As noted, this is largely a function of rising benefits or declining costs. It appears from the data that costs are more prone to fall and benefits are more likely to rise, resulting in an increase in net benefits. Overall, regulators increased benefits in 39 rules from proposed to final stage, compared to 36 times for costs. With regard to net change, the cumulative benefits in the sample increased by more than $9 billion from proposed to final rule, but costs declined by $4.3 billion. The average rule in the sample gained $127 million in benefits, but lost $61 million in costs.

Does this mean that regulators often tap the “inexhaustible well of regulatory co-benefits” while finding ways to ease compliance burdens during the notice-and-comment period? It’s unclear. The largest rule in the sample, the proposed Ozone Rule, lost $13.6 billion in costs from the proposed to final stage, but benefits also declined by $33 billion. The MATS rule also shed $1.3 billion in costs during the process.

Improvements in net benefits do not necessarily equate to a more favorable cost-benefit ratio. The opposite is true as well.

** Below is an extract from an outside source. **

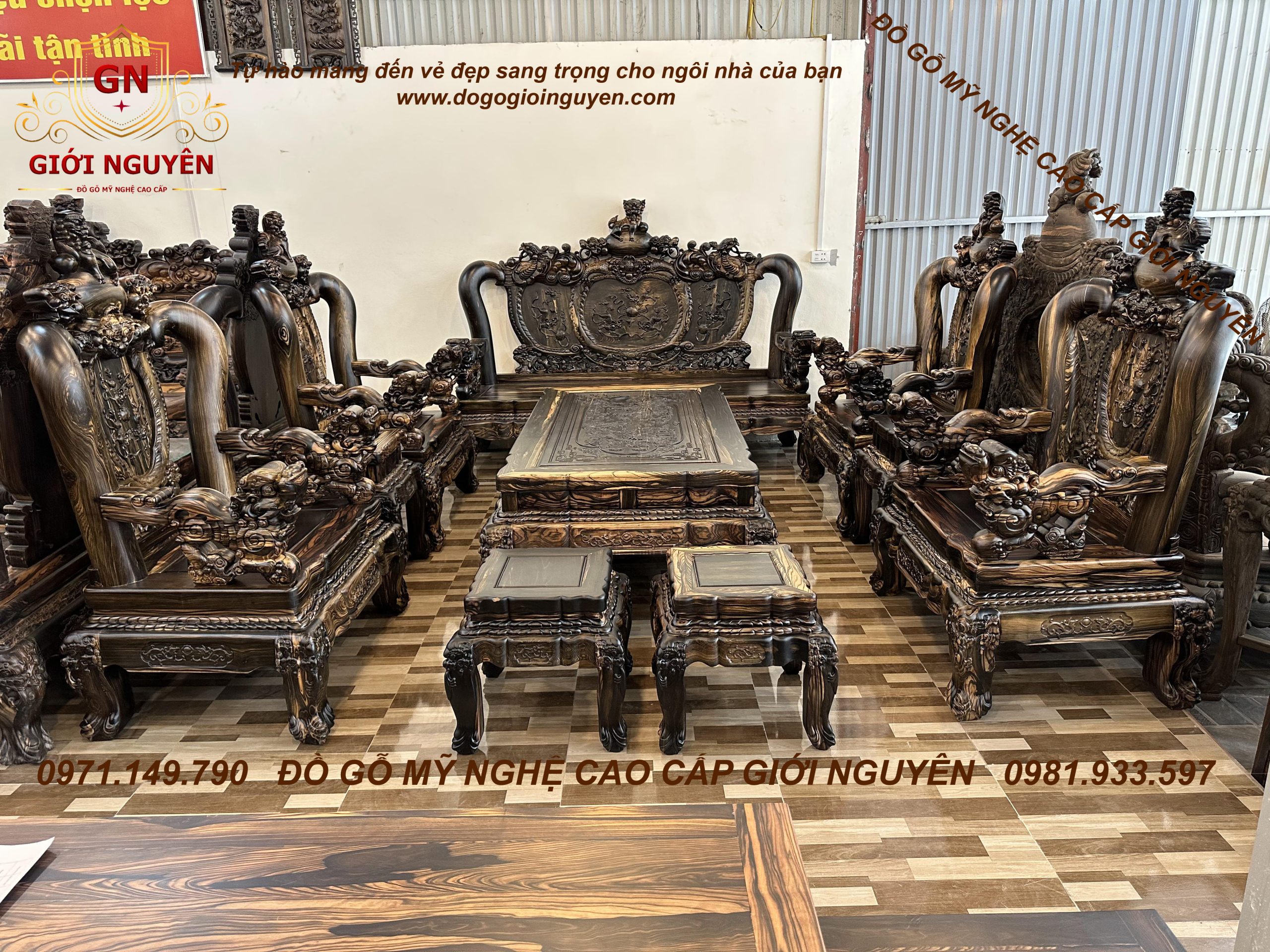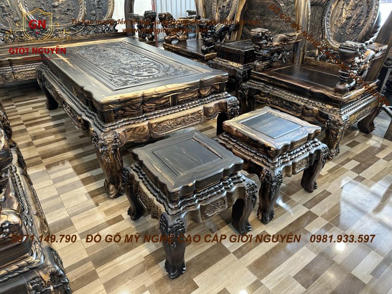 Bộ bàn ghế nghê bảo đỉnh tay 14 gỗ mun hoa mới nhất 2023

One could assume that agencies begin a major rulemaking by proposing one of the strongest regulations possible, leaving room to remove compliance burdens to placate industry. However, if this were true, why do benefits increase more frequently and with a greater magnitude than costs? Perhaps agencies have broad discretion with benefits as well, able to appease environmentalists and special interests by touting higher health benefits with the final rule? It is notable that the FDA, one of the major agencies without access to particulate matter and ozone benefits, has one of the lowest benefit-cost ratios among the agencies studied.

Conclusion / The short answer to the title of this article is the Department of Energy, which improved the benefit-cost ratio in 65% of its rulemakings and increased net benefits by $5.9 billion. Yet that is hardly the entire story; explaining why benefits and costs vary so much within a rulemaking’s life is far more important than noticing that they fluctuate wildly.

Still, the trends across this sample are interesting. For observers who complain that public comments don’t move the needle on regulatory burdens, there is evidence that costs often decline, dropping by $4.3 billion in the sample. Benefits, on the other hand, seem to evolve and grow, gaining more than $9 billion.

With only 73 rules in my sample, additional data could inform this research. The specific answers to many of the questions posed are likely specific to individual rules and could inform federal rulemaking generally.